Post-Doc: Networks of Exchange: Mobilities of Knowledge in a Globalized World

The Rutgers Center for Historical Analysis invites applications from all disciplines for post-doctoral resident fellowships to be held during the academic year of 2012-2013 from individuals working on topics related to “Networks of Exchange: Mobilities of Knowledge in a Globalized World.”
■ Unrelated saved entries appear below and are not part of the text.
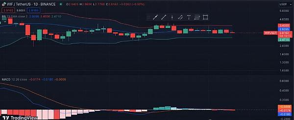 在24小时价格图表上,Dogwifhat(WIF)处于盘整期。价格变动被限制在一个狭窄的范围内,表明潜在的积累或分配阶段。布林带具有 20 周期 SMA,显示上轨线为 3.4000 美元,下轨线为 2.4710 美元。价格徘徊在 2.9355 美元的中间线附近,表明交易者之间的情绪平衡。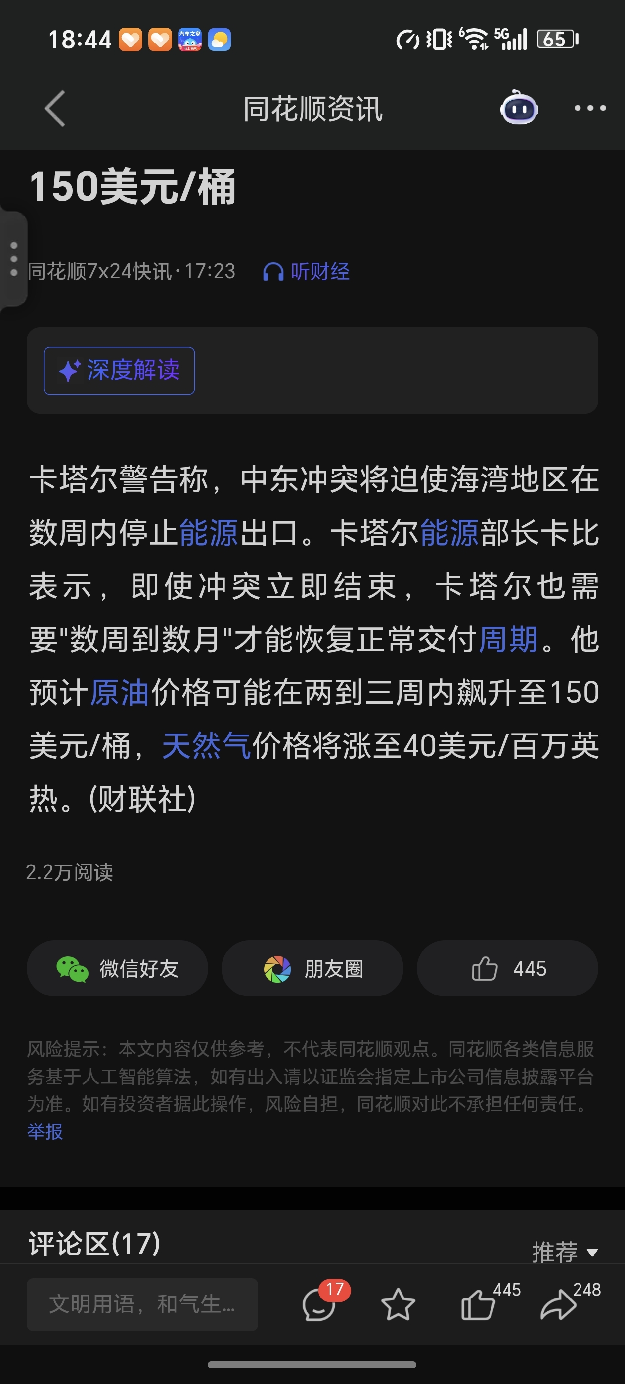 $广汇能源(SH600256)$ 石油预计涨到150美元一桶就是100%,这点涨幅算什么,天然气涨10倍啊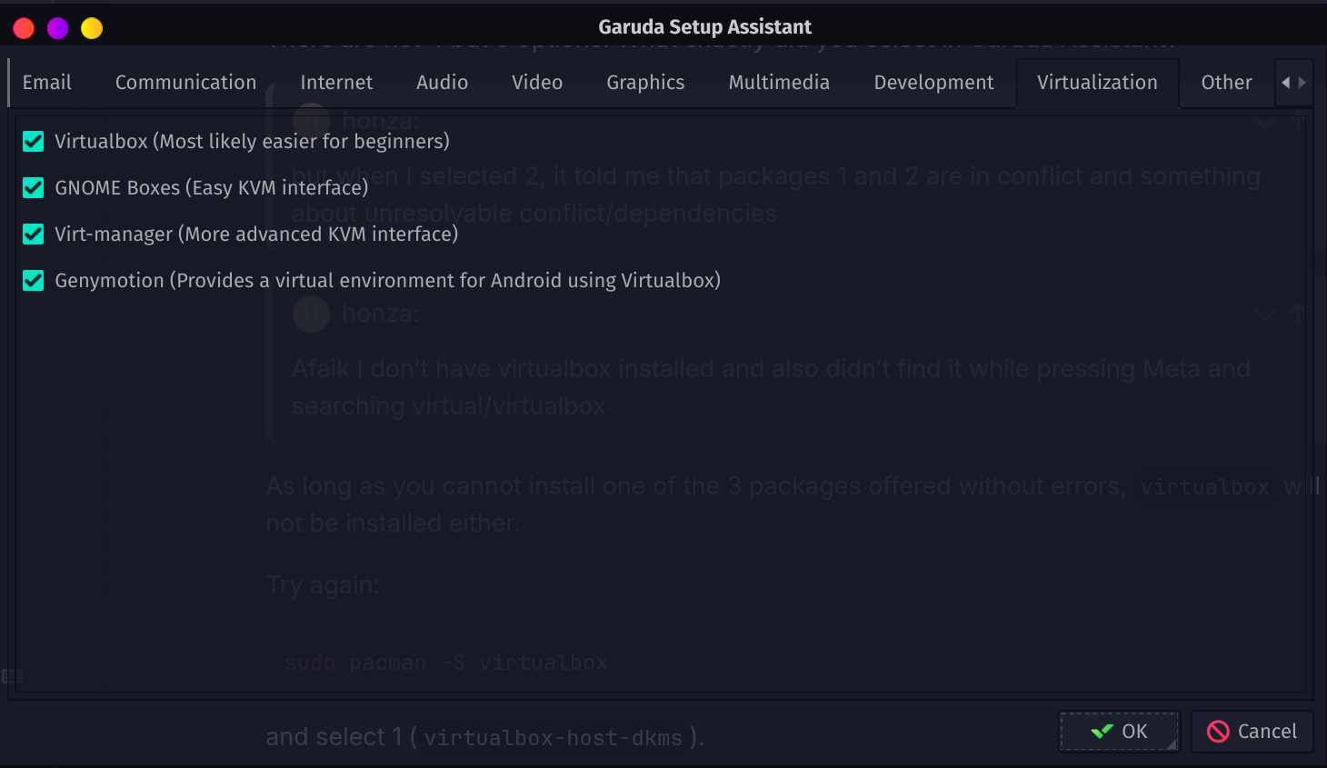 I forgot to copy it, but when I selected 2, it told me that packages 1 and 2 are in conflict and something about unresolvable conflict/dependencies (idk which one). Why? Afaik I don’t have virtualbox installed and also didn’t find it while pressing Meta and searching virtual/virtualbox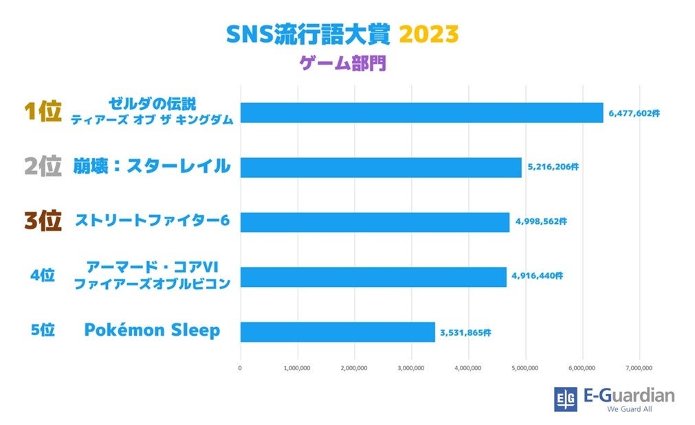 ゲーム部門1位は『ゼルダの伝説 ティアーズ オブ ザ キングダム』。600万件以上の話題量を獲得し、2位と100万件以上の差をつける結果となりました。ゲーム内に登場する「コログ」のセリフ「もう疲れちゃって 全然動けなくてェ…(コログ構文)」がノミネートワード30に選出されるなど人気と影響力の強さがうかがえます。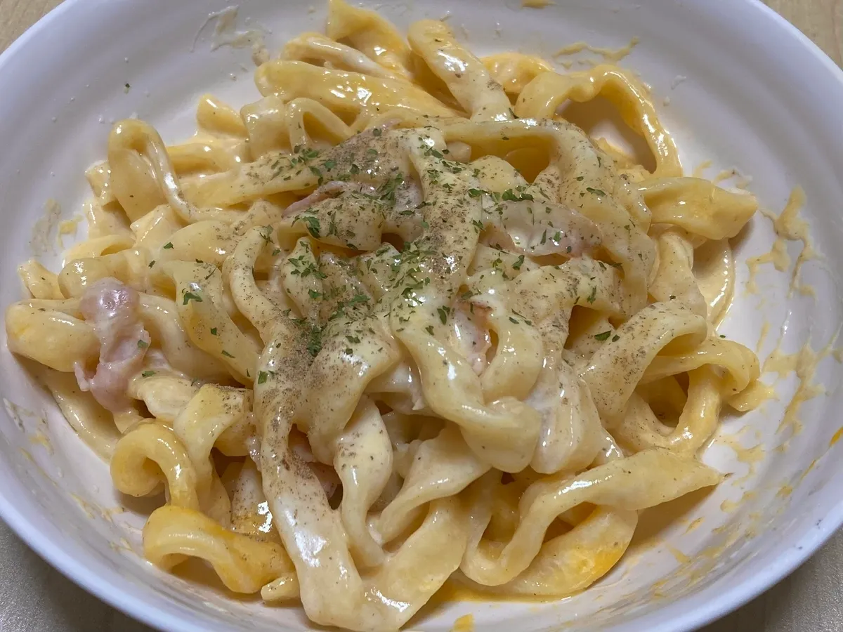 適当にカルボナーラを作って食べた(ブラックペッパーがなかった・盛り付け失敗したのでちょっと見た目が残念)。

How have science, technology and medicine been shaped by global movement, and how has global movement been shaped by science, technology and medicine? This two-year seminar program explores the relationship between varieties of knowledge and practice centering on the natural world and the formation of networks that transcend single cultures, nations or regions. If we include Western Europe and North America but deny them the status of “centers,” and suspend judgment about what forms of knowledge should count as modern, western or scientific, what other stories emerge from world histories in which the production of knowledge points us to its multiple consequences? The concept of the network helps ground global histories as a series of connected, local interactions across distance, while exchange helps us understand such interactions through attention to differential power relations, unpredictable reciprocities, and multi-directional outcomes that are also political, economic and cultural in character. Specific attention will be paid to cross-cultural intermediaries; non-human environmental actors (plants, animals, objects, substances, technologies); long-distance and short-range relationships between political, commercial and other institutional entities; and the production and projection of images of global order. Applications are warmly invited from scholars across all disciplines, whose research actively engages with these questions.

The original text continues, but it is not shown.